The companies involved - Relief-Mart, Inc., Essentia Natural Memory Foam Company, Inc., Ecobaby Organics, Inc. – are all alleged to have advertised their mattress as free from VOCs and similar claims absent the requisite level of substantiation. The FTC’s complaint against Ecobaby further alleges that the company made unsubstantiated third-party certification claims. Specifically, Ecobaby allegedly displayed the seal of the National Association of Organic Mattress Industry (“NAOMI”) to indicate that the product met the organization’s quality and manufacturing standards.
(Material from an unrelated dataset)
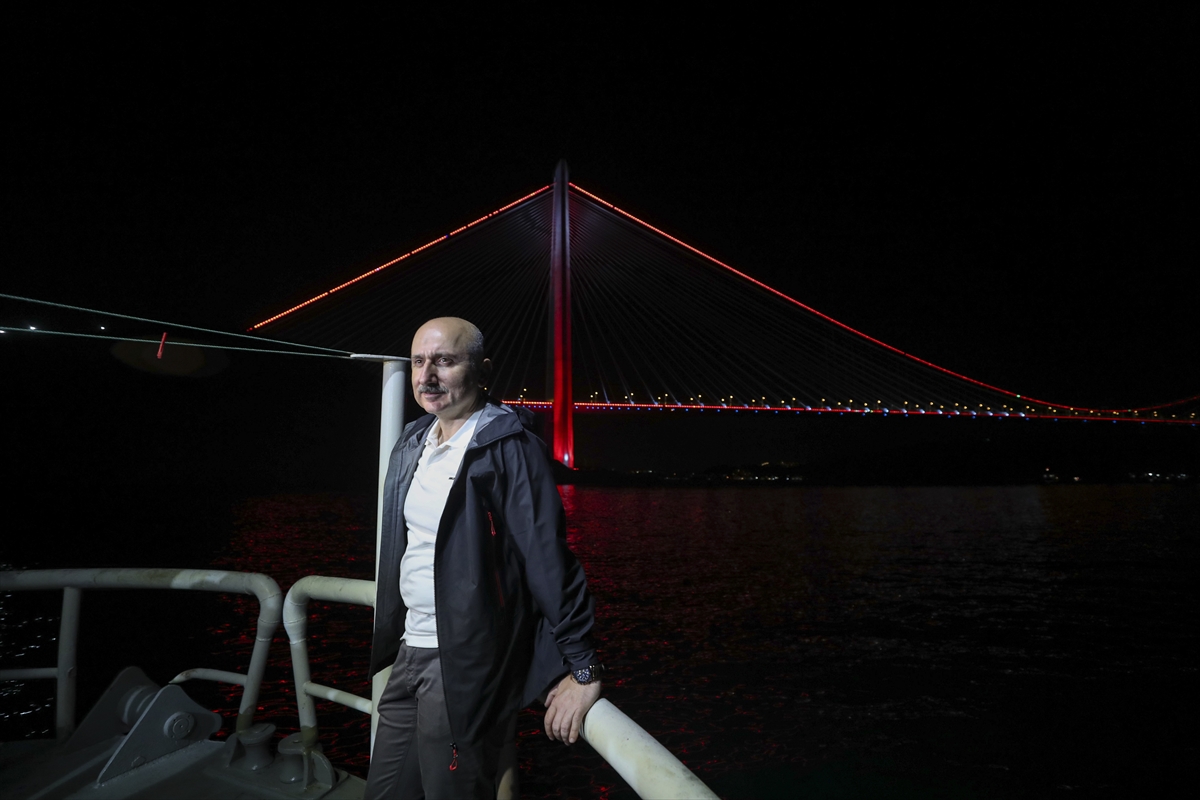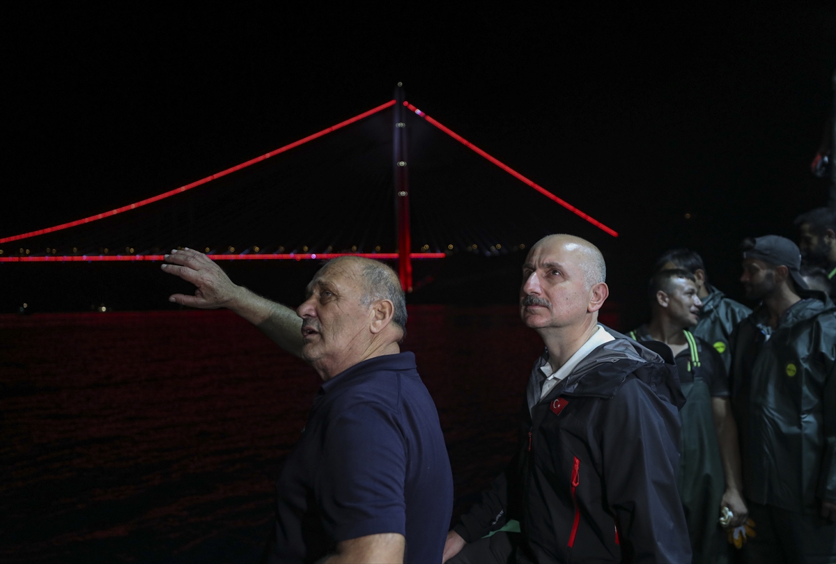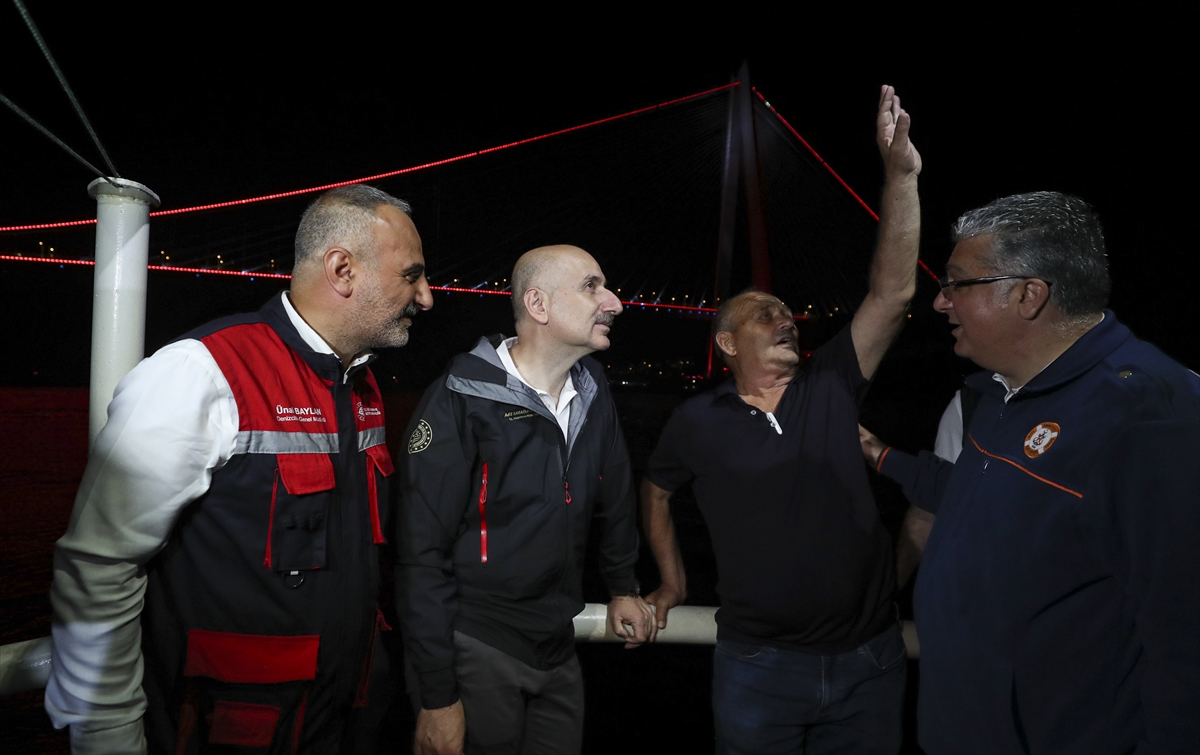 "Özellikle 40 bin civarındaki geminin geçiş yaptığı çok önemli güzergahlardan birisi. Bu önemli trafik yoğunluğunun olduğu bölgede balıkçılarımız da önemli bir işlevi yerine getiriyorlar. Tabii Kanal İstanbul'un planlaması aslında buradaki bu ihtiyaçlarından doğan bir planlama. O yüzden hem bu küresel lojistik, ticaret hacimlerinin artması hem Marmara Denizi'nde, Karadeniz'deki bekleme sürelerinin azaltılması, İstanbul Boğazı'nın yükünün hafiflemesi gerekiyor. Onun için de en kısa zamanda Kanal İstanbul'u da yaparak Boğaz'daki bu riskleri, tehlikeleri ortadan kaldıracak ve İstanbul Boğazı'nı İstanbulluların hizmetine sunacak önemli bir proje Kanal İstanbul projesi. Orada da çalışmalarımız etap etap başladı, devam ediyor. Tabii uzun soluklu, dünyanın en büyük altyapı projelerinden bir tanesi. Onu da süresi içerisinde bitirmek için de şu anda ulaşım yollarıyla birlikte hizmetimiz devam ediyor."

In fact, the FTC alleges, NAOMI is not an independent, third-party organization but is an alter ego of Ecobaby.

The proposed orders bar Relief-Mart, Essentia, and Ecobaby, from making VOC-free claims unless the VOC level is zero micrograms per cubic meter or the company relies upon competent and reliable scientific evidence that its mattresses contain no more than trace levels of VOCs, based on the guidance in the FTC’s Green Guides. The orders also bar environmental benefit or attribute claims, and certain health claims, unless they are true, not misleading, and supported by scientific evidence.

Manufacturers looking to make “No-VOC” or other environmental marketing claims should ensure that claims are properly substantiated and qualified as necessary. The updated Green Guides include guidance regarding proper substantiation of “free of” claims. The Green Guides also address certifications and seals of approval, which tend to be very persuasive to consumers, and may also implicate the agency’s Endorsement and Testimonial Guides.